In the light of the precipitate decline in the gross revenues of the Lehigh Valley the approaching maturity of three first mortgage bond issues aggregating $33,-499,000 secured upon various important portions of its line, the necessity of meeting its obligations to the R. F. C. and the banks, aggregating more than $10,000,000, and the necessity of making the interest payments on its General Consolidated Bonds, amounting annually to more than $3,000,000, made it obvious that some arrangement must be made by the Company for dealing with its debts.
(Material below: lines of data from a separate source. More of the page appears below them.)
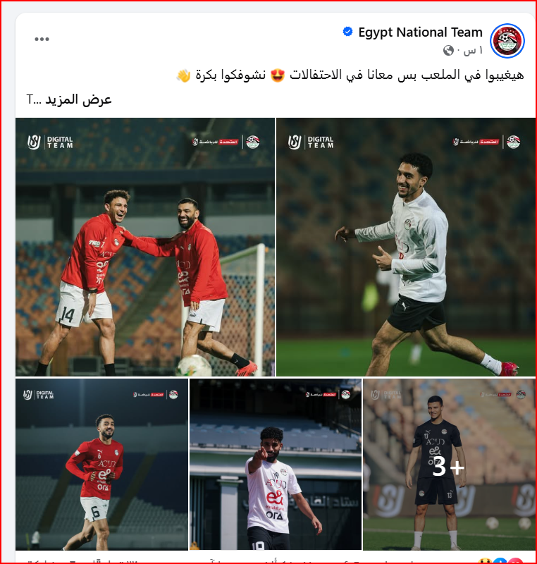 نشر الحساب الرسمي لمنتخب مصر، صور نجوم الفريق الغائبين للإصابة وهم: عمر مرموش - ومحمد شحاتة ومحمد عبد المنعم ونبيل عماد دونجا، إلى جانب اللاعبين الذين يغيبون عن تشكيلة الفراعنة غدا للإيقاف مثل حمدي فتحي ومروان عطية، إلى جانب محمد صلاح الذي يغيب عن مباراة الغد للراحة السلبية بقرار من الجهاز الفني بقيادة حسام حسن
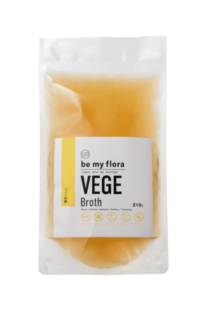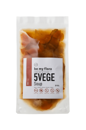 “人参・大根・里芋・蓮根・牛蒡”5つの野菜を栄養たっぷりの「be my floraベジブロス」で煮込んだ後、昆布・鰹節・煮干し・椎茸の出汁を加えたスープ。味付けは有機の金沢醤油と三河みりんのみ。出汁が香る飽きのこない和の味わいです。
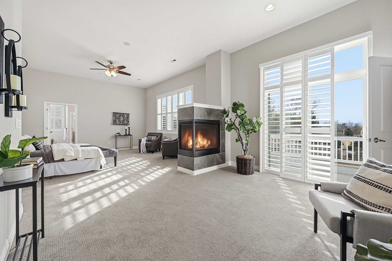 Access To Exterior, Carpet, Ceiling Fan, Drywall, Fireplace, Natural Light, Recessed Lighting, Vent, Baseboards Wall, Ceiling Fan
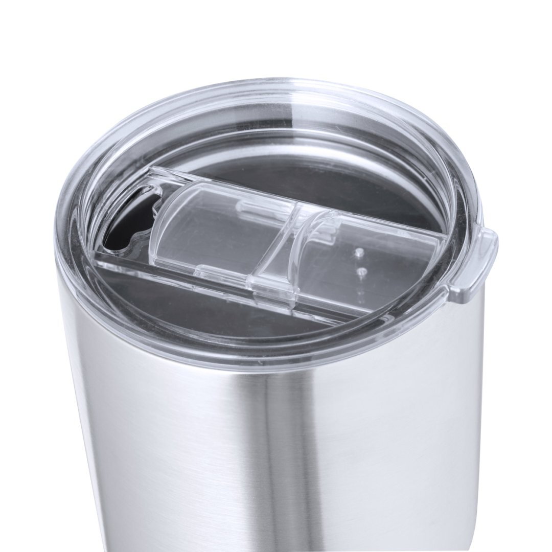 Duplafalú, újrahasznosított rozsdamentes acél termo pohár ivófedéllel, 800 ml. A szigetelés 3 órán át melegen és 6 órán keresztül hidegen tartja az italokat.
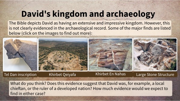 The Bible depicts David as having an extensive and impressive kingdom. However, this is not clearly evidenced in the archaeological record. Some of the major finds are listed below (click on the images to find out more):
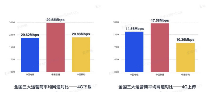 对于4G移动数据网络来说,平均下载网速和平均上传网速最高的都是中国联通,分别达到29.58Mbps(3.7 MB/s)和17.58Mbps(2.2 MB/s)。平均下载网速排名第二的是中国移动,为20.88Mbps(2.61 MB/s);排名第三的是中国电信,为20.62Mbps(2.58 MB/s)。平均上传网速排名第二的是中国电信,为14.56Mbps(1.82 MB/s);排名第三的是中国移动,为10.36Mbps(1.3 MB/s)。
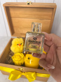 شیک ترین کادو روز دختر، پک هدیه زرد جوجه طلایی، باکس صندوقی چوبی ۲۳۷

It accordingly entered into negotiations with its bondholders and other creditors and under date of August 25, 1938, it submitted to them the plan for the adjustment of its debts which in the present proceeding it asks this court to approve and confirm.

Very briefly stated, the principal features of the plan are (a) to extend the maturity of the three presently maturing first mortgage bond issues for a period of ten years, (b) to extend the R. F. C. and bank loans to November 1, 1943, and (c) to extend without interest for a period of five years 75% of the amount of each of the five semiannual installments of interest falling due from November 1, 1938, to November 1, 1940, inclusive, upon the General Consolidated Bonds. Certain of the general provisions of the plan will also be noted. So long as the total debt of the system shall *756exceed $120,000,000 75% of its net income is to be withheld from the payment of dividends. 40% of the amount thus set aside may be retained as a capital fund and the balance, not less than 45% of the total net income, is to be applied in a sinking fund to retire the R. F. C. and bank loans, to anticipate the deferred installments of interest on the General Consolidated Bonds, and to retire obligations senior in .lien to those bonds. So long as the R. F. C. and bank loans and the deferred interest on the General Consolidated Bonds remain unpaid, no dividends whatever are to be paid to shareholders. Supplemental indentures are to be executed as to each of the bond issues affected by the plan. A committee of bondholders is provided for to take important responsibility in carrying out the plan.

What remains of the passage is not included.